[Dataset entries]
Start of Block

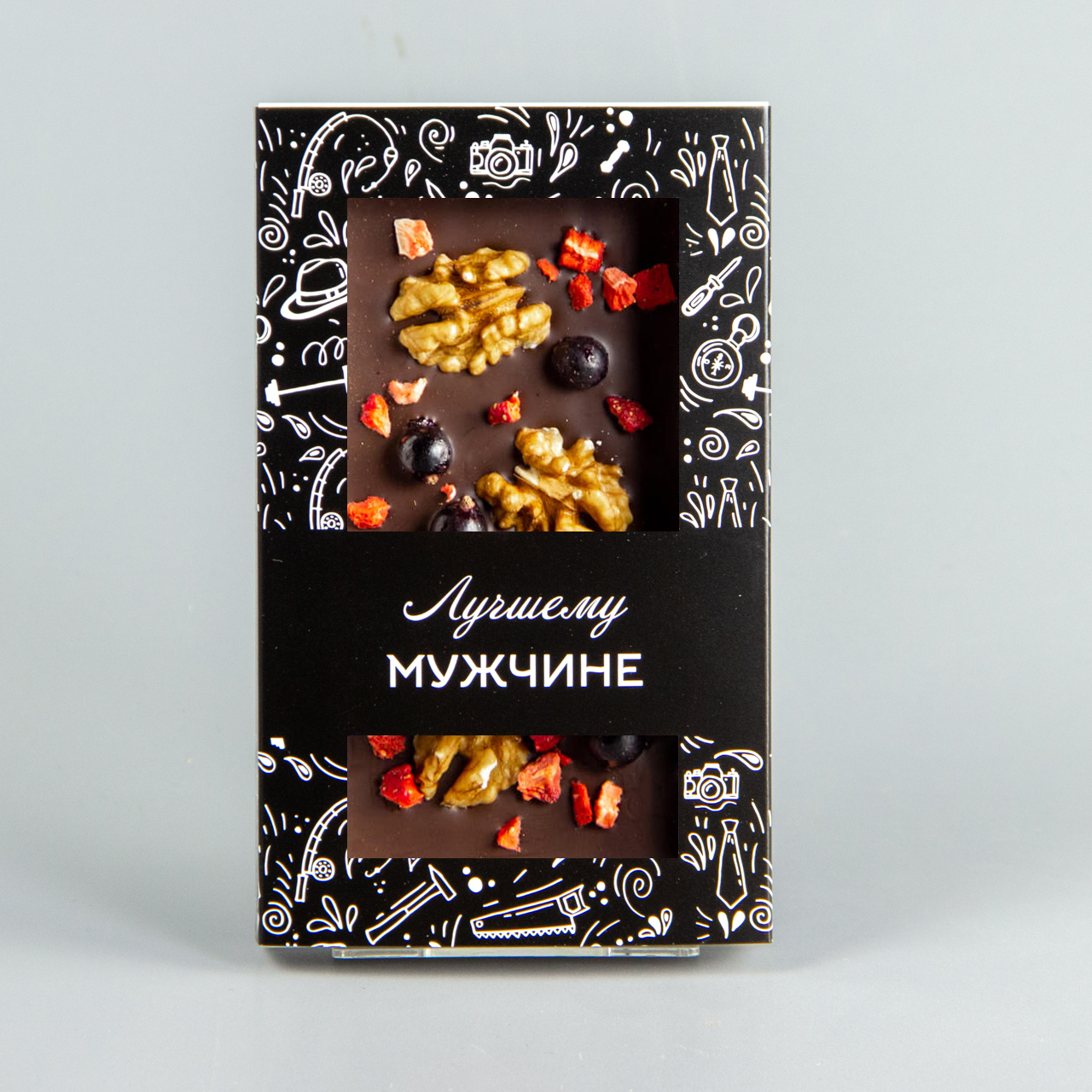 Тёмный шоколад с клубникой, черной смородиной и грецким орехом, коробочка мужчине #4
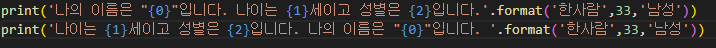 .format을 사용하는 방식과 f_string을 사용하는 방식을 같이 보여드리겠습니다.
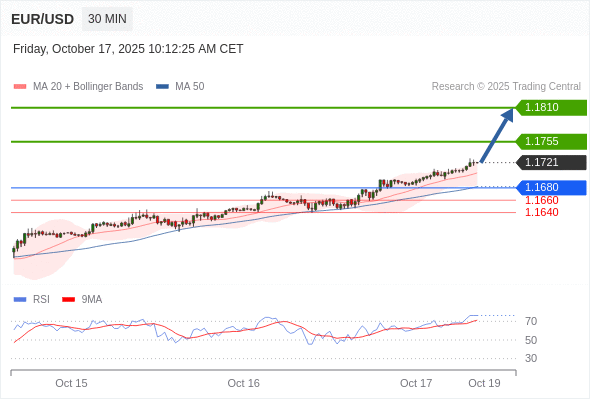 在 1.1680 之上,看涨,目标价位为 1.1755 ,然后为 1.1810 。
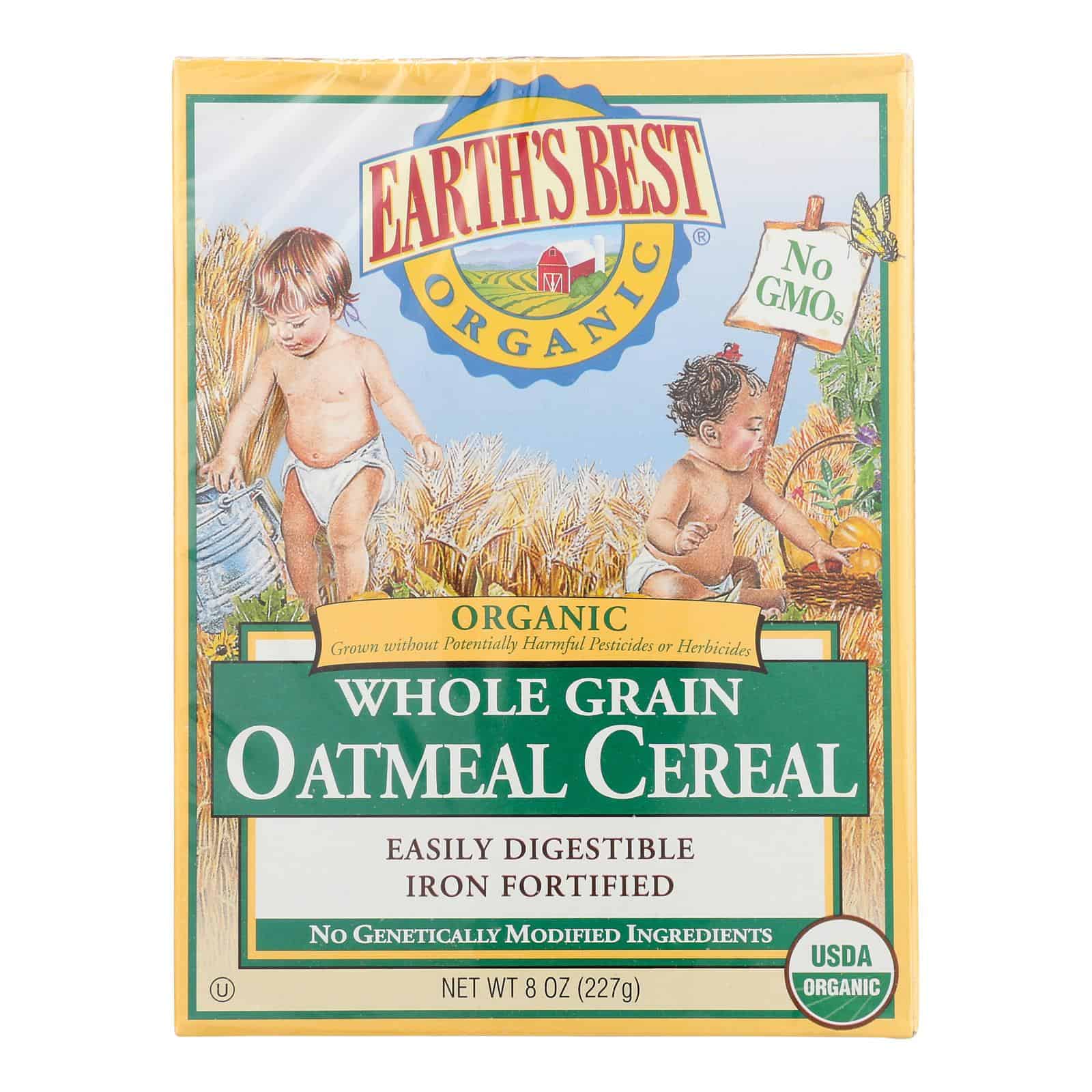 EARTH’S BEST ORGANIC WHOLE GRAIN OATMEAL CEREAL IS MADE WITH ORGANIC WHOLE GRAIN OAT FLOUR WHICH IS GROWN WITHOUT HARMFUL PESTICIDES OR HERBICIDES. OUR INGREDIENTS ARE NOT GENETICALLY ENGINEERED. WE FORTIFY EACH SERVING WITH 45% OF YOUR CHILD?S DAILY RECOMMENDED VALUE OF IRON AND 15% OF YOUR CHILD?S DAILY VALUE OF ZINC PER SERVING. THIS EASILY DIGESTIBLE CEREAL IS UNSALTED, UNSWEETENED, AND MADE WITHOUT ANY ARTIFICIAL COLORS OR PRESERVATIVES. INCLUDES ONE 8 OZ. BOX OF EARTH?S BEST ORGANIC WHOLE GRAIN OATMEAL CEREAL. SEE NUTRITION FACTS PANEL FOR ALLERGEN INFORMATION. FROM THE DAY THAT EARTH?S BEST WAS FOUNDED IN 1985, WE?VE BEEN RECOGNIZED AS A BRAND DEDICATED TO OFFERING WHOLESOME, SAFE PRODUCTS FOR LITTLE ONES. WE BELIEVE THAT BABIES DESERVE NUTRITIOUS FRUITS HANDPICKED FROM ORGANIC ORCHARDS, VEGETABLES GROWN IN NATURE?S SOIL, AND FOODS THAT ARE MADE WITHOUT GENETICALLY ENGINEERED INGREDIENTS.
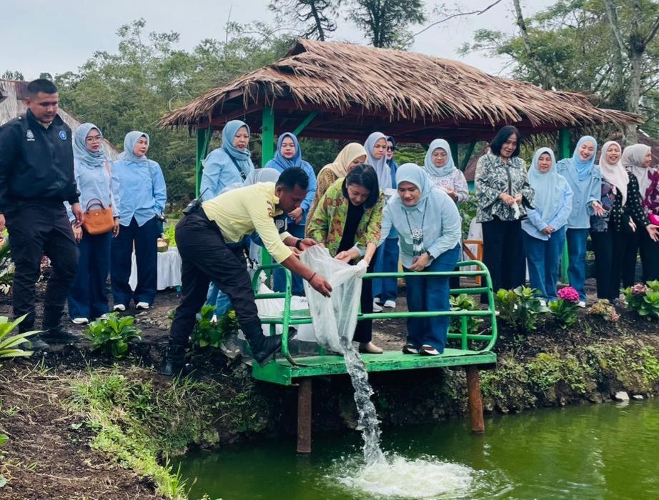 Pelepasan bibit ikan Nila itu, langsung dilakukan Ny Lina Jatmiko, Ketua Umum IKBI PTPN IV Palmco didampingi Ketua IKBI PTPN IV Regional IV Jambi, Ny Yusnidar Khayamuddin pada Hari Minggu. (12/4/2026). Business Support (BS) Head PTPN IV Regional IV Jambi Dhanny Hermawan dan Manager Kebun Kayu Aro, Indra Utama Lubis langsung menyaksikan pelepasan ribuan bibit ikan di kolam kebun Kayu Aro.
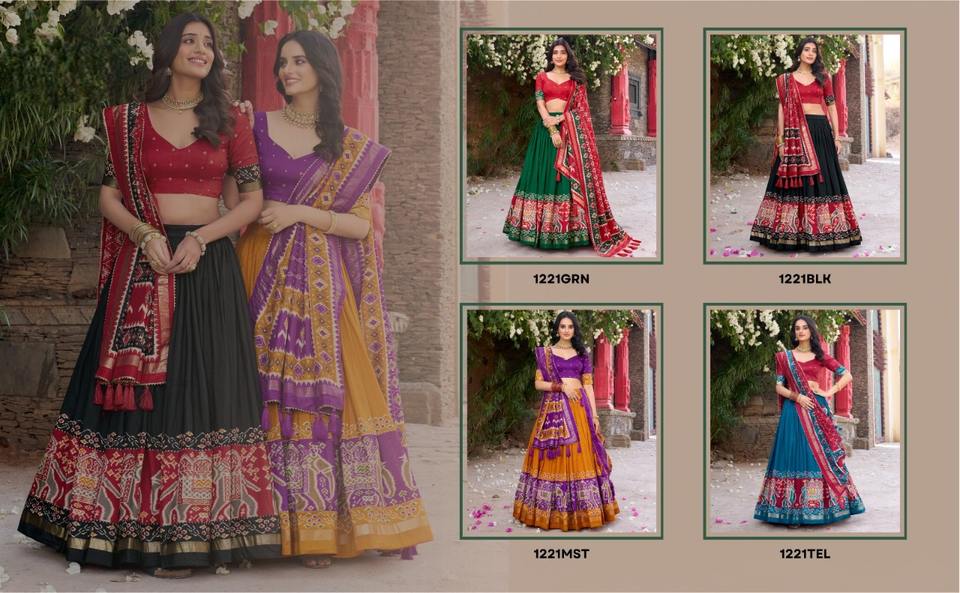 New Collection Silk Lehenga Choli With Patola Printed and Foil Work Rajasthani Lehenga Choli for Export Sale
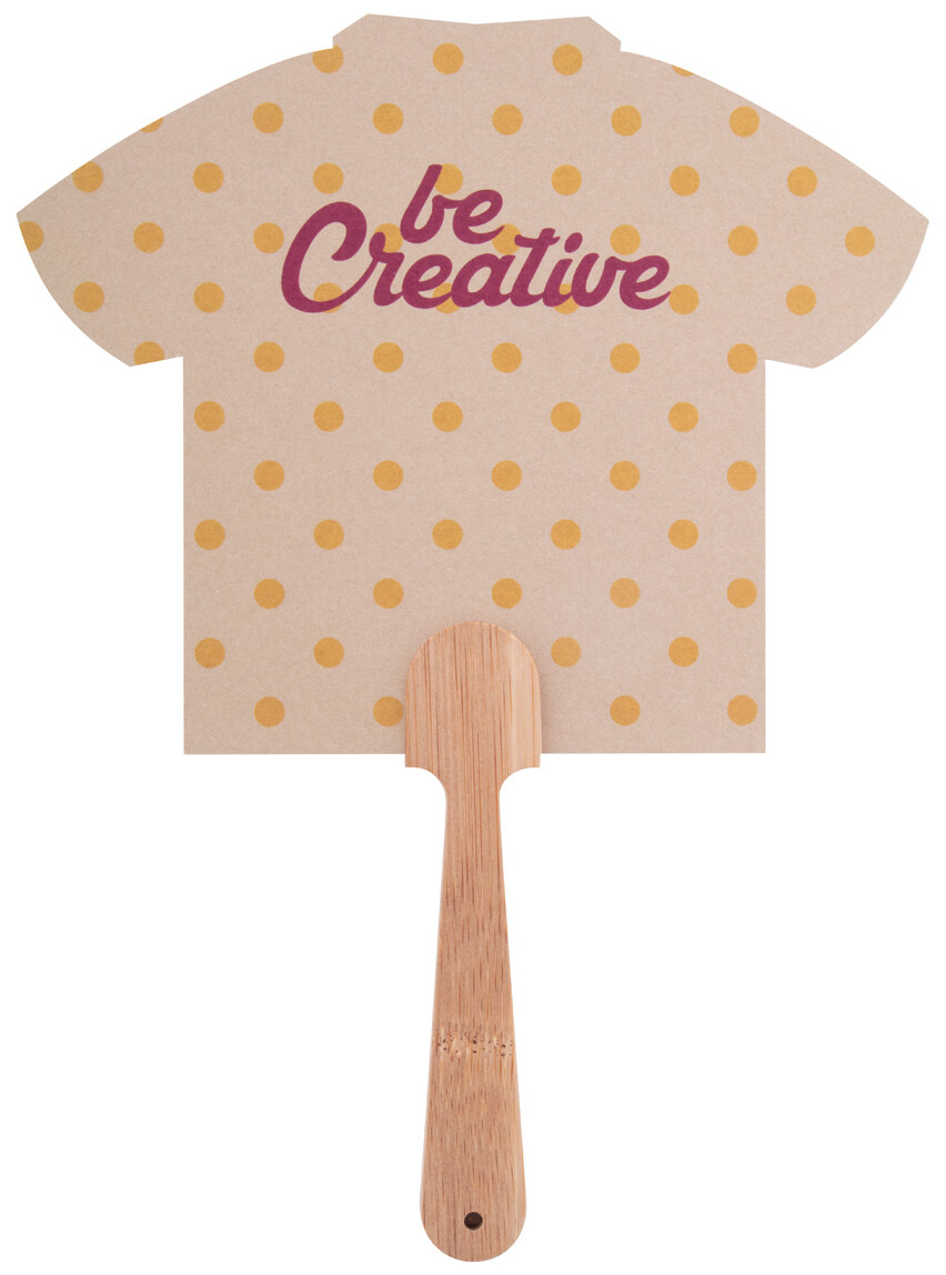 Vějíř vyrobený na zakázku s bambusovou rukojetí a kraftovým papírem. Cena zahrnuje digitální tisk na obou stranách, nezahrnuje tiskovou přípravu. Min. mn.: 100 ks.
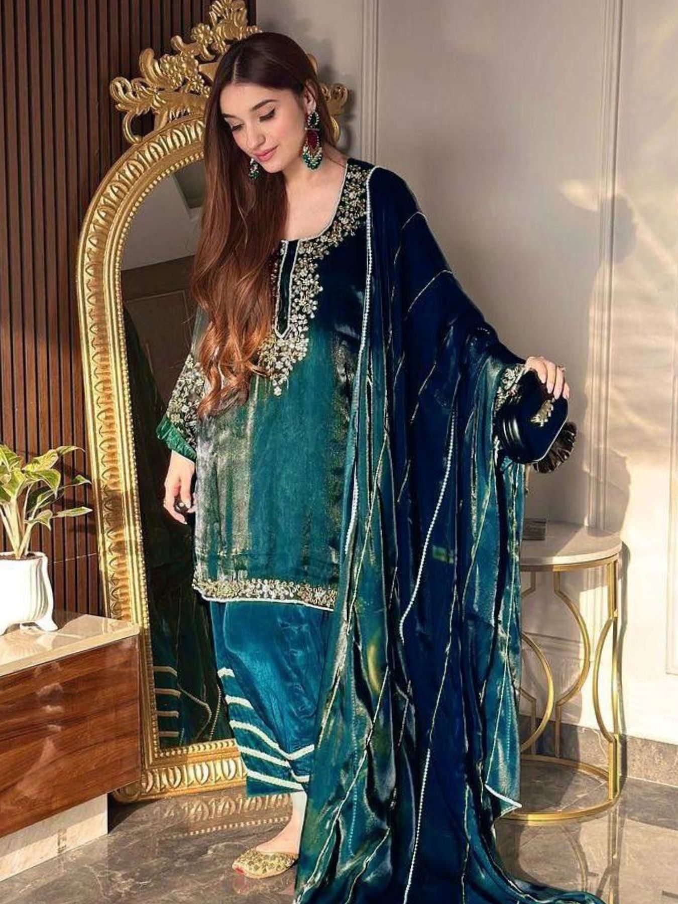 Jimmi Chhoo Suit Plazzo and Dupatta Set for Celebration Ready to Wear Outfit
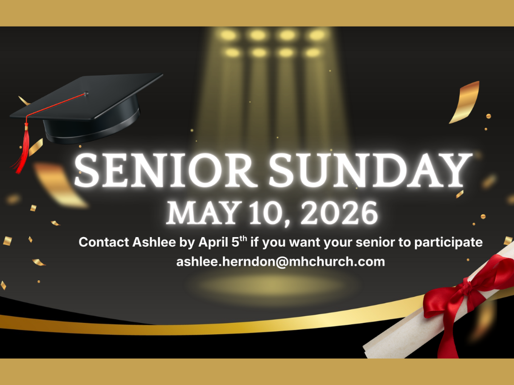 We will celebrate our graduating seniors on May 10th! Please let Ashlee Herndon know by April 5th if your senior wants to participate. Contact Ashlee at Ashlee.Herndon@MHChurch.com or text her at 336-392-0355. Please register by April 5th.

End of Block

PROBLEM DESCRIPTION:
All of the records above should be reproduced exactly, with the pictures left out.

ANSWER TO THIS PROBLEM:
 Тёмный шоколад с клубникой, черной смородиной и грецким орехом, коробочка мужчине #4
 .format을 사용하는 방식과 f_string을 사용하는 방식을 같이 보여드리겠습니다.
 在 1.1680 之上,看涨,目标价位为 1.1755 ,然后为 1.1810 。
 EARTH’S BEST ORGANIC WHOLE GRAIN OATMEAL CEREAL IS MADE WITH ORGANIC WHOLE GRAIN OAT FLOUR WHICH IS GROWN WITHOUT HARMFUL PESTICIDES OR HERBICIDES. OUR INGREDIENTS ARE NOT GENETICALLY ENGINEERED. WE FORTIFY EACH SERVING WITH 45% OF YOUR CHILD?S DAILY RECOMMENDED VALUE OF IRON AND 15% OF YOUR CHILD?S DAILY VALUE OF ZINC PER SERVING. THIS EASILY DIGESTIBLE CEREAL IS UNSALTED, UNSWEETENED, AND MADE WITHOUT ANY ARTIFICIAL COLORS OR PRESERVATIVES. INCLUDES ONE 8 OZ. BOX OF EARTH?S BEST ORGANIC WHOLE GRAIN OATMEAL CEREAL. SEE NUTRITION FACTS PANEL FOR ALLERGEN INFORMATION. FROM THE DAY THAT EARTH?S BEST WAS FOUNDED IN 1985, WE?VE BEEN RECOGNIZED AS A BRAND DEDICATED TO OFFERING WHOLESOME, SAFE PRODUCTS FOR LITTLE ONES. WE BELIEVE THAT BABIES DESERVE NUTRITIOUS FRUITS HANDPICKED FROM ORGANIC ORCHARDS, VEGETABLES GROWN IN NATURE?S SOIL, AND FOODS THAT ARE MADE WITHOUT GENETICALLY ENGINEERED INGREDIENTS.
 Pelepasan bibit ikan Nila itu, langsung dilakukan Ny Lina Jatmiko, Ketua Umum IKBI PTPN IV Palmco didampingi Ketua IKBI PTPN IV Regional IV Jambi, Ny Yusnidar Khayamuddin pada Hari Minggu. (12/4/2026). Business Support (BS) Head PTPN IV Regional IV Jambi Dhanny Hermawan dan Manager Kebun Kayu Aro, Indra Utama Lubis langsung menyaksikan pelepasan ribuan bibit ikan di kolam kebun Kayu Aro.
 New Collection Silk Lehenga Choli With Patola Printed and Foil Work Rajasthani Lehenga Choli for Export Sale
 Vějíř vyrobený na zakázku s bambusovou rukojetí a kraftovým papírem. Cena zahrnuje digitální tisk na obou stranách, nezahrnuje tiskovou přípravu. Min. mn.: 100 ks.
 Jimmi Chhoo Suit Plazzo and Dupatta Set for Celebration Ready to Wear Outfit
 We will celebrate our graduating seniors on May 10th! Please let Ashlee Herndon know by April 5th if your senior wants to participate. Contact Ashlee at Ashlee.Herndon@MHChurch.com or text her at 336-392-0355. Please register by April 5th.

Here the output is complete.